Around 17,000 U.S. military personnel and 300,000 South Korean troops are currently taking part in what the South Korean Defense Ministry described as the "largest ever" joint military exercises.

North Korea on Sunday warned it would make a "pre-emptive and offensive nuclear strike" in response to the joint exercises.

The South Korean military spokesman said the two allies were "closely monitoring" signs of North Korean provocation.

"As of now, there are no direct signs of provocation, but we are planning to continuously strengthen surveillance," Defense Ministry spokesman Moon Sang-gyun said.

Last week, the Korean Central News Agency reported that Kim said his country's "nuclear warheads need to be ready for use at any time."

"Under the extreme situation that the U.S. imperialist is misusing its military influence and is pressuring other countries and people to start war and catastrophe, the only way for our people to protect sovereignty and rights to live is to strengthen the quality and quantity of nuclear power and realize the balance of power," Kim said, according to the KCNA.

While Pyongyang often issues saber-rattling statements during annual U.S. and South Korean joint exercises, "this year the level of anger is much greater," says Mike Chinoy, a former CNN senior international correspondent and the author of "Meltdown: The inside story of the North Korean nuclear crisis."

Chinoy told CNN he was concerned if North Korea "takes even a modest military step, the South will feel obliged to respond."

Nuclear warheads

Pyongyang's claims that it has miniaturized nuclear warheads comes after the North reported a successful test of what it said was a hydrogen bomb in February.
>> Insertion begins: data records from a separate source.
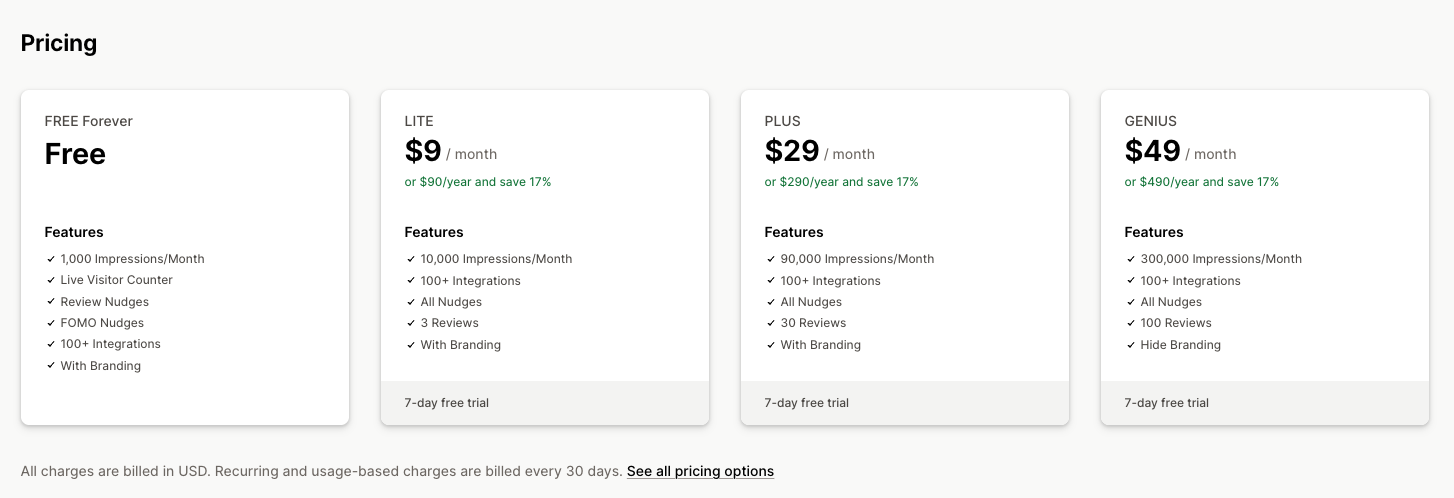 You can choose the plan that fits your store’s traffic and goals. For the full breakdown and latest details, you can always visit our Pricing page inside your Nudgify dashboard.
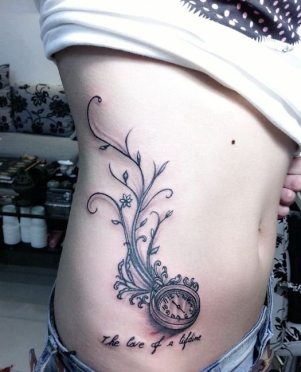 分享一款腰部时尚性感的蝶恋花纹身图案_腰部纹身图案大全_纹身图吧
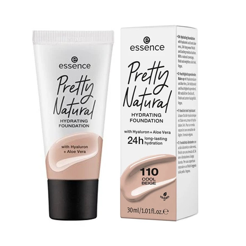 Pretty and natural! the essence pretty natural hydrating foundation with hyaluronic acid and aloe vera provides a natural, medium coverage finish and weightless feel for up to 24 hours, leaving you with the perfect combo of pretty and natural. vegan, paraben free, alcohol free, oil free, gluten free.
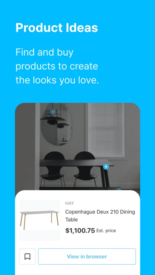 Get detailed information on products featured in photos, including prices and where to buy, simply by tapping on a product tag (+). Discover new products and easily shop for your favorite decor and furniture.
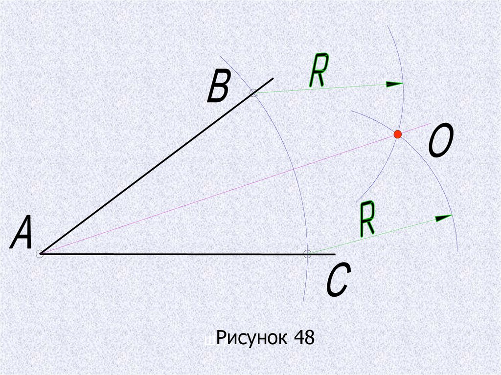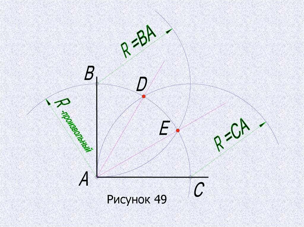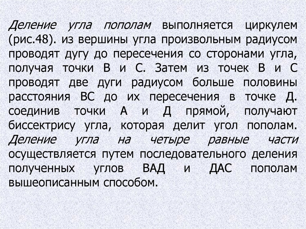 Деление угла пополам выполняется циркулем(рис.48). из вершины угла произвольным радиусом

State media reported Wednesday that North Korean leader Kim Jong Un met with nuclear scientists and technicians, who briefed him on "research conducted to tip various type tactical and strategic ballistic missiles with nuclear warheads."

The agency also published photographs that appeared to show Kim visiting a facility where the warheads have been made to fit on ballistic missiles -- the first time state media has released images showing its miniaturized weapons technology. CNN cannot independently confirm the photos' veracity or the claims of the KCNA.

David Albright of the Institute for Science and International Security told CNN's Brian Todd on Monday that his group thinks the North Koreans had probably already miniaturized a warhead.

A South Korean Defense White Paper from 2014 also noted that its neighbor's ability to miniaturize nuclear weapons seemed, at the time, "to have reached a considerable level."

Chinoy said there was "no doubt (the North Koreans) are making progress, but it remains unclear whether they have actually miniaturized the warhead."

"No question they're moving in that direction."